- (A) 21
- (B) 23
- (C) 25
- (D) 27
The answer is: (A) 21.
Here’s how to solve it:
- Let’s represent the original side length:
- Let x be the original length of each side of the square fence (and the original area of the garden is x^2).
- Calculate the new side length:
- Julie increases each side by 1%, which translates to an increase of (1/100)*x.
- The new side length becomes: x + (1/100)*x = 1.01x.
- Find the new area of the garden:
- The new area is the square of the new side length: (1.01x)^2.
- Calculate the percentage increase in area:
- We want to find the difference between the new area and the old area, expressed as a percentage of the original area.

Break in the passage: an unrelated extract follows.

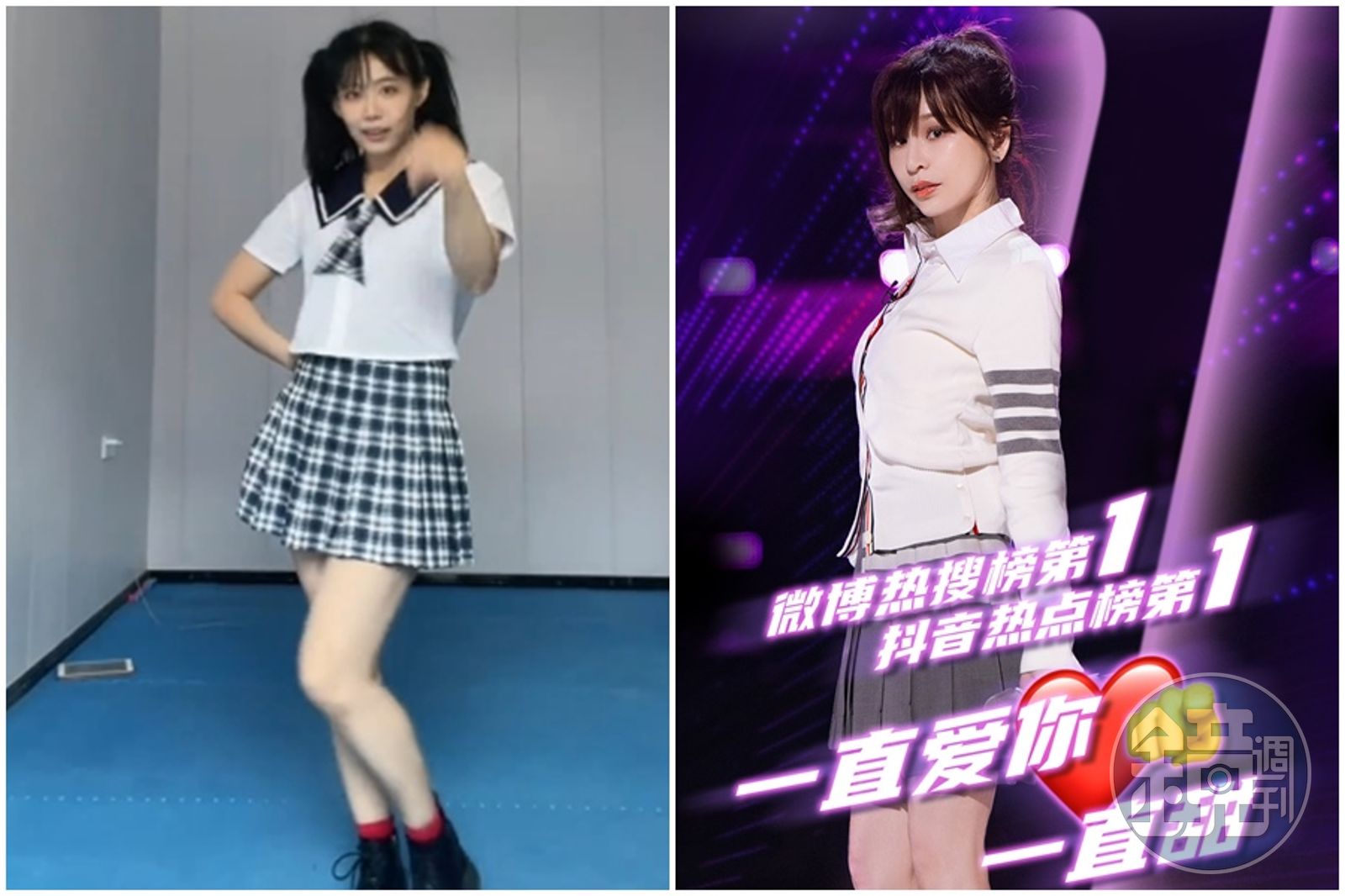 王心凌(右圖)近期參加《乘風破浪的姐姐3》翻紅,「台灣學姐」陳竹音(左圖)也跟著跳〈愛你〉。(翻攝自陳竹音、王心凌工作室微博)發布時間:2022.05.27 11:25 臺北時間

- New area – Old area = (1.01x)^2 – x^2
- Factor the difference of squares: (1.01x + x)(1.01x – x)
- Simplify: 2.01x * 0.01x (since x cancels out)
- Divide this difference by the original area (x^2) and multiply by 100% to express it as a percentage: [(2.01x * 0.01x) / x^2] * 100%
- Simplify the expression:
- Cancel out the x terms: (2.01 * 0.01) * 100%
- Multiply: 0.0201 * 100% = 2.01%
Important note: The answer choices ask for the percentage increase, not the total new area.
Since the new area is slightly larger than the original area, the increase is positive.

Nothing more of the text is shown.